The problem is that my yard is not about to win any lawn awards for landscape design, for homogeneity of grass, for purity of my fescue, because my yard is weedy. Incredibly weedy, especially around the fenceline where forgotten logs and fallen limbs make it impossible to mow or even navigate with a weed eater.
Even in the areas I’ve intentionally tried to cultivate a little, the weed situation is utterly insane. In spite of my best efforts to mulch my hostas and keep the weeds pulled, my yard continues to put out a crop of weeds that can very quickly take over the entire landscape if I don’t stay on top of them. (Thankfully there’s no HOA in my neighborhood, but still.)

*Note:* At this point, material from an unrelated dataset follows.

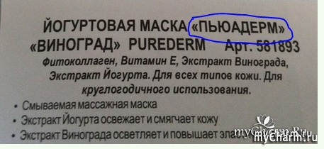 У меня была такая масочка. Мне показалось, она пахнет виноградом сорта "изабелла". У нас такой рос на даче. Очень ароматный, винный. Мне тоже эта масочка очень понравилась. Вообще, люблю все эти маски Пуредерм. Каждую открываю, как сюрприз.

What you all may not know about the history of lawns such as the ones that surround most of our homes is that they are an artifact of 18th century French aristocratic culture. The ideal aristocratic lawn is a monoculture, with only one species of grass occupying the majority of the space. A colossal amount of time, effort, land, and water goes into the maintenance of the palatial lawns that have become the default landscaping option for the suburbs in the West.
Consider the dizzying array of powders and sprays and pellets and lotions and potions and creams and unguents and elixirs that one can buy at Lowe’s for the treatment of one’s lawn, one’s personal grass monoculture, where biodiversity and variety are things we actively resist and attempt to get rid of through, uh, let me check my notes here, oh yes SPRAYING POISON ON THE GROUND.
You may be at home, thinking to yourselves, “Pastor Nate is on a weird soapbox this morning,” and you would be right. Because I am. Stay with me.
American lawn culture treats land on the small scale in the same way that our colonizing ancestors treated this continent. American lawn culture insists that the right way to tend the patches of earth under our care are to weed out the undesirable species, fill in all the land with a nice, respectable, homogeneous fescue, and siphon water out of the local rivers and ponds and wetlands to maintain the a perfect green lawn that suffers no disruption from undesirables such as dandelions or clover or milkweed or violet or or mugwort or stinging nettle or wild strawberry or bittersweet nightshade or chickweed or poke sallet or four o’clocks or you get my point.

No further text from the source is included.